Sundays in Mark (57) Gethsemene (2)

Continuing our simple Sunday reflections in the Gospel of Mark and the events in the Garden of Gethsemene.

Jesus detaches himself from his three companions and prays audibly that he might be exempt from ‘the hour’ and ‘this cup’. Both refer to his betrayal, impending arrest and execution. Back in 10:38 Jesus had referred to ‘the ‘cup’ with which he would drink – a cup of suffering and wrath. His prayer to his Father here shows that this cup is a cup that ‘belongs to God’ – a cup of divine judgement.

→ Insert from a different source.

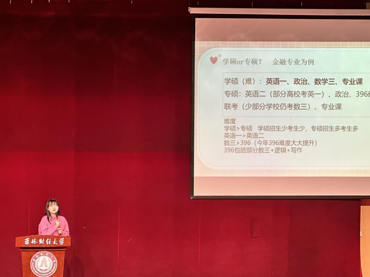 第一位是国交会计2090班的张熙悦学姐,已被录取至东北财经大学审计专业。张熙悦学姐深入浅出地讲解,为大家指明择校的方向,应提早关注院校和考试大纲,对报考比例有清晰认知。找到最适合自己的学习方法。不要盲从经验贴,根据自身情况选择适合自己的备考方案。最后,学姐也对备考中出现的进度落后、知识点遗忘等问题提出指导性建议。

His ‘Abba’ prayer reveals a unique, close Father-Son relationship, yet this closeness does not mean the Father takes away the cup, or that the Son refuses to drink it. Jesus’ mission is a triune partnership: the obedient Son, sent by the Father, empowered by the Spirit.

A joint mission that is now leading straight towards Jesus’ voluntary, self-giving confrontation with all the physical, spiritual and political powers allied against him.

So while Jesus appears to face this fate alone (the disciples fail to ‘get’ what is going on and are asleep every time Jesus returns), behind the scenes, and despite appearances, his Father is with him.

The looming cross will be no accident or merely a verdict of ‘sinners’ (vs 41). Against all logic and expectation, it will reflect the astonishing decision, planning and self-giving action of God.

No wonder Paul later would talk of the mystery of God’s salvation being revealed.

The cross? No-one sees it coming but the Son of Man.


35 Going a little farther, he fell to the ground and prayed that if possible the hour might pass from him. 36 “Abba, Father,” he said, “everything is possible for you. Take this cup from me. Yet not what I will, but what you will.”

37 Then he returned to his disciples and found them sleeping. “Simon,” he said to Peter, “are you asleep? Couldn’t you keep watch for one hour? 38 Watch and pray so that you will not fall into temptation. The spirit is willing, but the flesh is weak.”

39 Once more he went away and prayed the same thing. 40 When he came back, he again found them sleeping, because their eyes were heavy. They did not know what to say to him.

41 Returning the third time, he said to them, “Are you still sleeping and resting? Enough! The hour has come. Look, the Son of Man is delivered into the hands of sinners. 42 Rise! Let us go! Here comes my betrayer!”